ECONOMYNEXT – Profits of Sri Lanka insurers will be hit by a directive to remit 100 percent of premiums for strike, riot, civil commotion and terrorism cover to state-run National Insurance Trust Fund from an earlier 12 percent, Fitch Ratings said.
The segment has generally been highly profitable in recent years due to relatively low claim incidence, though there were significant claims in May 2022 as a result of anti-government protests, Fitch said.
“However, the effect on non-life insurers’ profitability and risk-based capital adequacy ratios could be reduced if they are able to raise premium pricing,” the rating agency said.

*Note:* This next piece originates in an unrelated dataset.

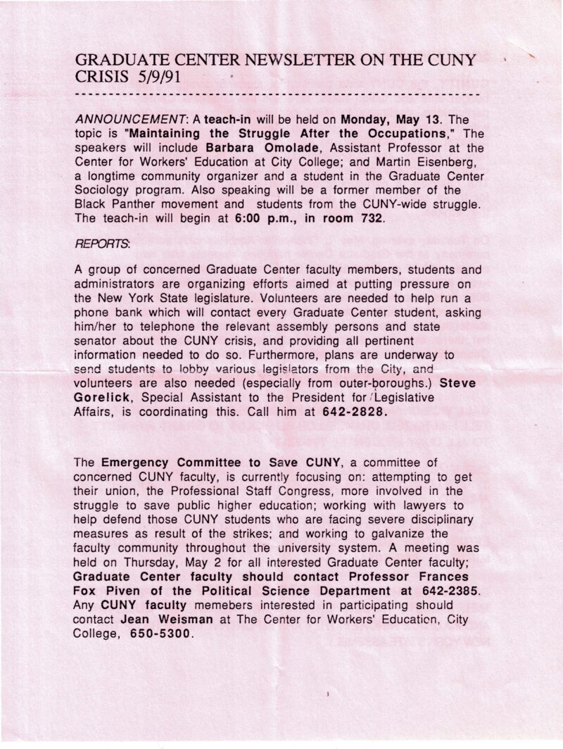 This Graduate Center Newsletter on the CUNY Crisis, published on May 9, 1991, announced a teach-in on "Maintaining the Struggle after the Occupation," which focused on organizing efforts to continue putting pressure on the New York State legislature to resist budget cuts and tuition hikes. The newsletter reported on the formation of an "Emergency Committee to Save CUNY," comprised of concerned CUNY faculty who called on their union the Professional Staff Congress (PSC) to defend students who were facing severe disciplinary measures and to "galvanize the faculty community." In addition, CUNITY, the CUNY-wide coalition of students struggling against budget cuts and tuition hikes, shared its plan for a large rally in Albany and its fight to gain amnesty for those students facing disciplinary and legal action as a result of the strikes. The newsletter also reported on CUNY Chancellor Ann Reynold's chance meeting with students that led to an agreement to meet with them before the end of the semester.

“The impact will also depend on the level of commissions motor insurers receive from NITF for providing SRCCT cover.”
The full statement is reproduced below:
Sri Lanka’s Motor Insurance Changes to Hit Non-Life Sector
Fitch Ratings-Hong Kong/Sydney/Colombo-31 January 2024: A new directive that Sri Lankan non-life insurers remit 100% of motor insurance strike, riot, civil commotion and terrorism (SRCCT) premiums to state-owned National Insurance Trust Fund Board (NITF, BBB(lka)/Stable) should benefit NITF while the underwriting profitability of non-life insurers is likely to worsen, says Fitch Ratings.
However, the effect on non-life insurers’ profitability and risk-based capital adequacy ratios could be reduced if they are able to raise premium pricing. The impact will also depend on the level of commissions motor insurers receive from NITF for providing SRCCT cover.
Prior to 2024, industry practice was to remit only 12% of SRCCT premiums to NITF under a reinsurance arrangement, although a 2008 government gazette required full remittance. The SRCCT segment has generally been highly profitable in recent years due to relatively low claim incidence, though there were significant claims in May 2022 as a result of anti-government protests.
NITF has yet to renew its reinsurance cover with international reinsurers for the SRCCT segment following its expiration in July 2023, and we believe unforeseen losses faced by NITF without such cover could result in heightened volatility for its capital position and earnings. This, along with the non-renewal of its retrocession cover for its inwards reinsurance business, was a factor in our decision to downgrade its rating, from ‘BBB+(lka)’, in October 2023. NITF’s combined ratio for SRCCT was 27% during the last five years, against its overall combined ratio of 78%, with ratios below 100% indicating an underwriting profit, which means a rise in premiums should boost profitability. Motor insurers previously had a maximum annual aggregate net retention of LKR10 million before passing on losses to NITF. This will no longer be the case under the new setup and NITF’s exposure will increase as a result.
We expect non-life insurers that have higher exposure to motor insurance to generally be more affected by the directive. The non-life industry’s combined ratio increased to 113% in 3Q23, from 109% in 2022, partly reflecting various factors that have eroded the underwriting profitability and market share of non-life insurers in the motor insurance segment in recent years. We estimate that the new requirements for SRCCT premiums may add 5pp-10pp to the non-life sector’s combined ratio, before accounting for any premium price adjustments and any commissions from NITF. This could weigh on the improvement in the combined ratio that we had expected for Fitch-rated non-life insurers in 2024.
Nonetheless, Fitch expects Sri Lanka’s economic conditions to improve in 2024, with GDP growth recovering, inflation easing and external liquidity metrics improving. These factors should support vehicle demand and motor insurers may be able to raise premiums significantly faster than inflation, on average, over 2024. This would moderate the impact on profitability from full remittance of SRCCT premiums to NITF, although higher prices may dampen demand growth for SRCCT policies. The capacity of many insurers to pass on price increases will still be constrained by competition, and we expect most Fitch-rated non-life insurers’ combined ratios to remain above 100% for 2024.
Investment and liquidity risks will likely remain the key downside risks for most of Fitch-rated Sri Lankan insurers in the near term, but poor profitability and capitalisation metrics could weigh on ratings over time. We revised the Outlooks on most of our rated insurers to Stable, from Rating Watch Negative (RWN), in October 2023 following the upgrade of Sri Lanka’s Long-Term Local-Currency Issuer Default Rating to ‘CCC-‘ from ‘Restricted Default’ (RD) and the subsequent removal of the RWN on Fitch-rated banks.